Was in dem Kindermärchen „Frau Holle“ noch gut war, weil das Kind aufgefordert ist, am Brunnenrand des Lebens beherzt zuzugreifen und jedwede Hilfe zu leisten, kann auf dem Rückweg des erwachsenen Seelenweges zum Verhängnis werden, denn hier geht es darum, die Erdenbande wieder zu lösen. Folgende Gefahr lauert an jeder Wegbiegung: Die Reste materieller Illusion werden bis zuletzt versuchen den Endsieg davonzutragen und den Mysterienkandidaten von dem Pfad in die höhere Freiheit abzulenken, wo sie nur können.
Später, als Psyche bereits in dem Kahn des Fährmanns an das jenseitige Ufer gebracht wird, ist es ein toter Greis im Wasser, der Mitleid erregt, in den Nachen gezogen werden will und auf diese Weise in die Sphäre sinnloser Hilfeleistung verwickeln könnte.
Und auch hier muss Psyche den Willen zu einem klugen „Nein“ aufbringen. Schließlich folgen die drei Moiren und bitten um Hilfe bei ihrer Webarbeit.
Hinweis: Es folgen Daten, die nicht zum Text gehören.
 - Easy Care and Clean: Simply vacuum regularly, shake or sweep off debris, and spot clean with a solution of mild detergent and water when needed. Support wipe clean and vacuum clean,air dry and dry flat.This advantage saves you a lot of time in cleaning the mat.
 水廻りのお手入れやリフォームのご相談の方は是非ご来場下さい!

Jedoch auch die Schicksalsgöttinnen dürfen keine Macht mehr über die Leibseele ausüben. Denn die herangereifte Seele trägt ihr Schicksal freiwillig, wählt ihre Lebensbilder bei der Moire Lachesis selbst aus und lässt ihr geistiges Heimwärtsstreben davon niemals mehr beeinträchtigen.
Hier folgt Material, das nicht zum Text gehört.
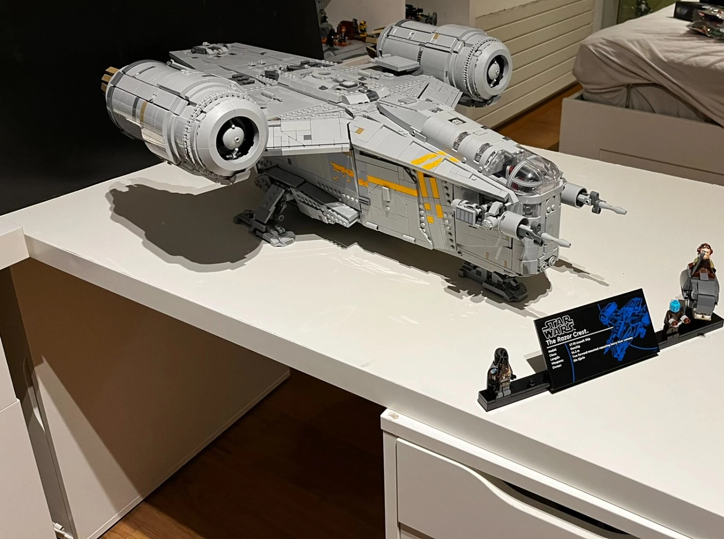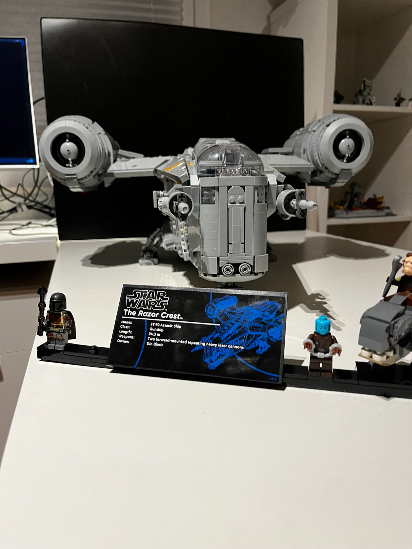 Die 75331 The Razor Crest mit 6187 Teilen ist ein sehr wertvolles Set in meiner Sammlung. Sie stammt aus der Star Wars Serie The Mandalorian. Die 4 Minifiguren, der Mandalorianer, der Mythrol, der Kuii und das Baby Yoda (Grogu) sind Bestandteile des Sets. Der Zusammenbau ist abwechslungsreich und birgt einige kleine Easter Eggs. Unter anderem findet man die Rüstungsteile von Boba Fett oder die Eier der Frosch Lady. Das Set ist stabil gebaut und sehr sehenswert. Es gibt jedoch viele Stickers, die das Erlebnis minimieren. Die gelben Streifen von dem Razor Crest sind Stickers sowie die Info-Tafel. Der Preis beträgt 650 Franken OVP. Ich habe mir das Set bei Manor mit Black Friday- Rabatt erworben. Für jeden eingefleischten Mandalorianer-Fan ist das Set ein Muss.
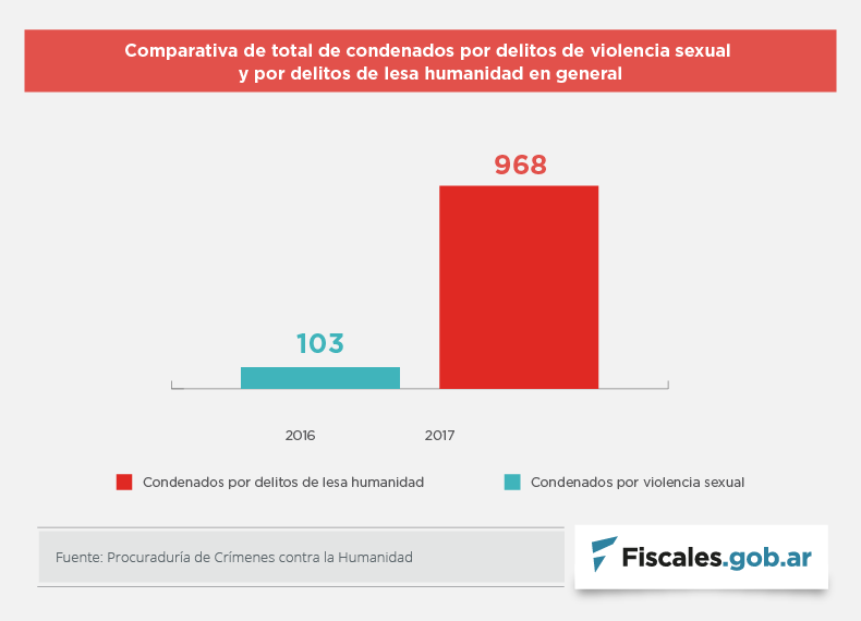 De un total de 968 personas condenadas por crímenes de lesa humanidad, 103 fueron responsabilizadas por delitos sexuales.

Psyche widersteht allen Hindernissen, gelangt an die Schwelle des Totenreichs und füttert den dreiköpfigen Hund Cerberus mit Honigkuchen, wie es ihr der Turm geraten hat. Der Höllenhund weicht zur Seite und lässt sie eintreten. Darin zeigt sich, dass der Mensch auf dem Pfad der Einweihung die süßen Bequemlichkeiten und irdischen Genüsse (Honigkuchen) vorübergehend zugunsten des Eintritts in das Reich der großen Wandlung hergibt.
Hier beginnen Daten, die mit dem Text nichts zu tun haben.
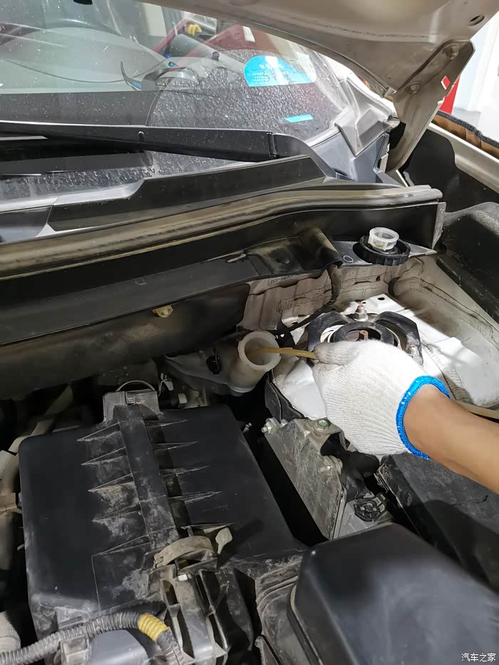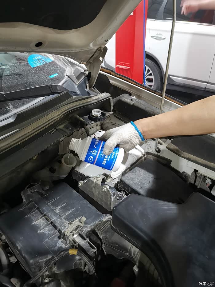 加第三个油——刹车油,这个是春节前到北四环保养时,厂家菱悦会做活动送的,送了4瓶!这次用两瓶,等家里那台奕歌到期时再加两瓶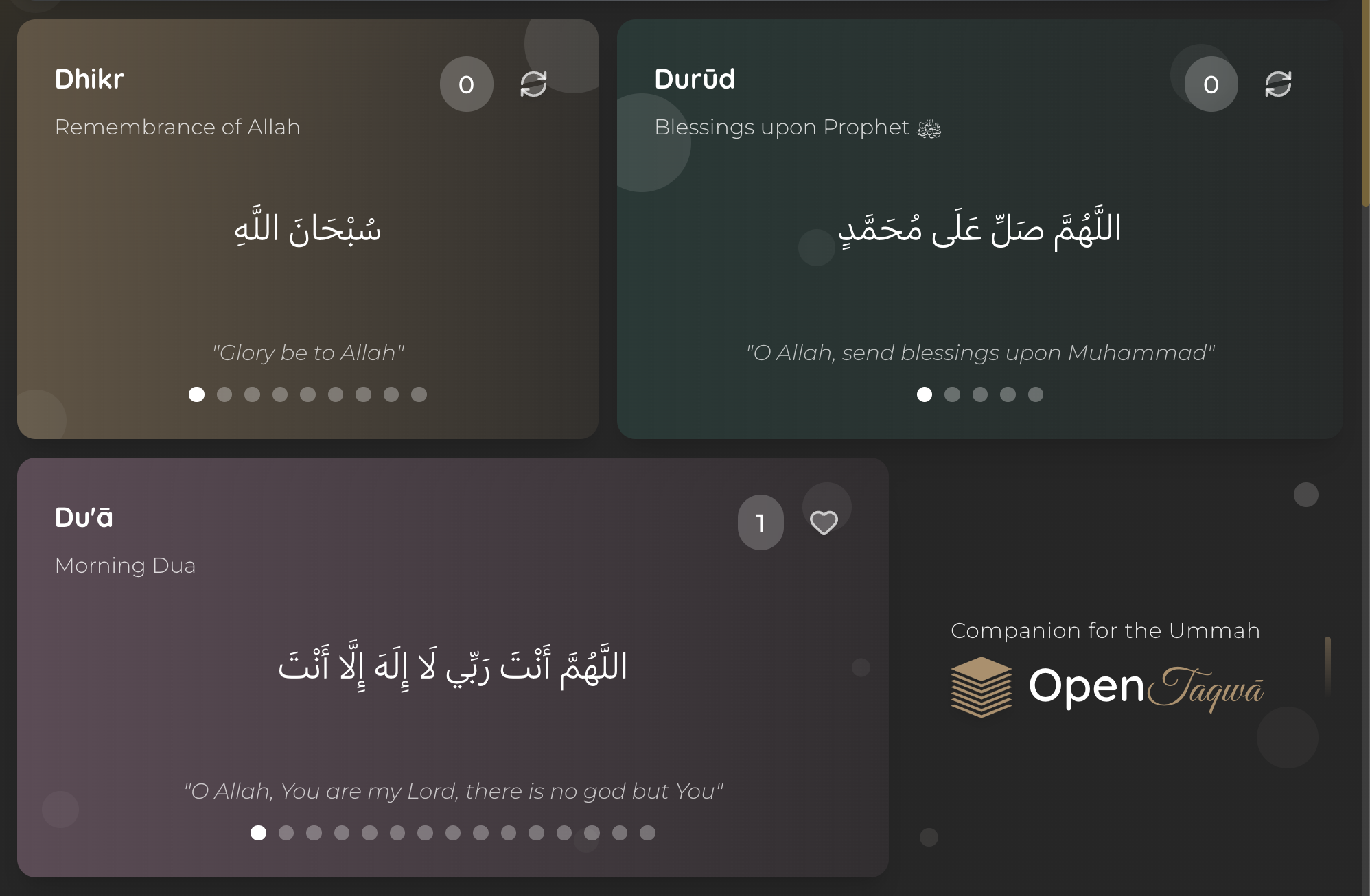 Keep track of your daily remembrance with our intuitive counter. Access a curated collection of authentic duas for every occasion.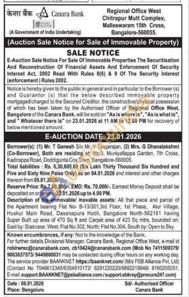 Description of the immovable! movable assets: All that piece and parcel of the Apartment bearing Flat No- B-13/301,3rd Floor, 1st Phase, Alur Village, Huskur Main Road, Dasanapura Hobli, Bangalore North-562161 having Super Built up area of 470 Sq ft and Carpet area of 423 Sq mtrs, bounded on: East by: Staircase, West: Flat No. 302, North: Flat No.304, South by: Open to Sky

Vor der Unterweltgöttin Proserpina angekommen lehnt Psyche – wie es ihr geraten wurde – ein aufwendiges Mahl ab und nimmt nur trockenes Brot entgegen. Das gefällt Proserpina und sie füllt ein Kästchen mit ihrer Salbe ab und überreicht es Psyche. Voller Freude tritt Psyche den Rückweg nach der Anweisung des sprechenden Turmes an und gelangt tatsächlich wieder unbeschadet aus der Welt des Todes heraus. Aber Psyche, die Leibseele, ist weiblicher Natur, neugierig und eitel, wen wundert es also, dass sie in der verständlichen Hoffnung, ihren Gemahl Amor erneut betören zu können, ein wenig der Schönheitssalbe für sich selbst verwenden möchte. Vorsichtig öffnet sie deshalb das Kästchen mit der Schönheitssalbe der Proserpina, doch zu ihrem großen Erstaunen ist gar keine Salbe darin! Stattdessen fällt sie sogleich in einen stygischen Schlaf. Alle Trance-Therapeuten der letzten fünftausend Jahre können sich darüber freuen:
Die Wundersalbe Proserpinas kann weder Heilsalbe
oder Globoli, noch eine andere Rezeptur sein,
sie ist TRANCE.
Amor, der inzwischen genesen ist und leidenschaftliche Sehnsucht nach Psyche verspürt, erwirkte bei Jupiter die Heiratserlaubnis, gegen die sich Venus wegen des hierarchischen Ranges nicht zu stellen vermochte. Und Amor, der Gott der Liebe selbst, erweckt Psyche aus der Trance. Unter Beiwohnung des Pantheons wird endlich Hochzeit auf dem Olymp gefeiert. Amor und Psyche, Leibseele und Geistseele, sind wieder vereint und können gemeinsam eine noch höhere Symbiose mit der Allseele anstreben.
Das Kind beider wird FREUDE genannt,
Freude, die für immer bleibt,
weil sie der Begeisterung der Seele entspringt!